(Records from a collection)
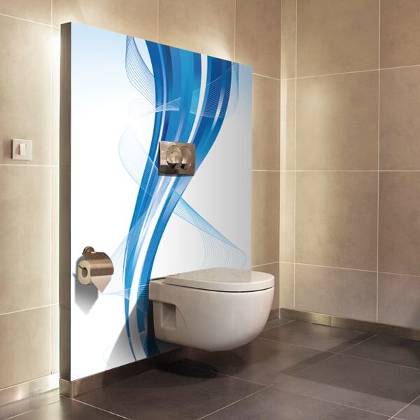 Le panneau mural salle de bains onde bleu installe une ambiance fraîche et apaisante grâce à un décor abstrait composé de lignes ondulées fluides. Les courbes se superposent et créent un mouvement continu qui structure le mur tout en apportant une grande légèreté visuelle.
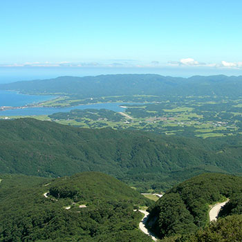 新潟市の沿岸からも見える佐渡島。約30キロ沖合にあり、何度も隆起を繰り返してできた島です。
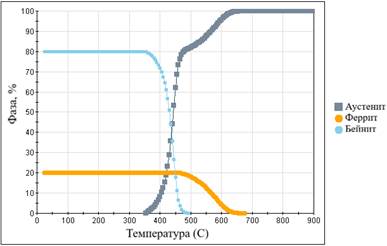 Данный расчет выполнен при размере аустенитного зерна 9 ASTM и заданному химическому составу рассматриваемой среднеуглеродистой стали 34ХН3МА, что привело к распределенным фазам.
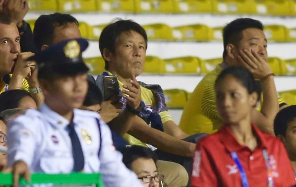 HLV Nishino của U-22 Thái Lan có mặt trên khán đài theo dõi trận đấu.
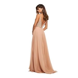 Sherri Hill Beaded Plunging V Neck Chiffon Gown in Nude Pink Color 52589 NWT

_Activity_: Please copy, exactly as written, the lines from the one that contains "新潟市の沿岸からも見える佐渡" through the end of the records, both ends included. Do not include the pictures.

_Task solution_:
 新潟市の沿岸からも見える佐渡島。約30キロ沖合にあり、何度も隆起を繰り返してできた島です。
 Данный расчет выполнен при размере аустенитного зерна 9 ASTM и заданному химическому составу рассматриваемой среднеуглеродистой стали 34ХН3МА, что привело к распределенным фазам.
 HLV Nishino của U-22 Thái Lan có mặt trên khán đài theo dõi trận đấu.
 Sherri Hill Beaded Plunging V Neck Chiffon Gown in Nude Pink Color 52589 NWT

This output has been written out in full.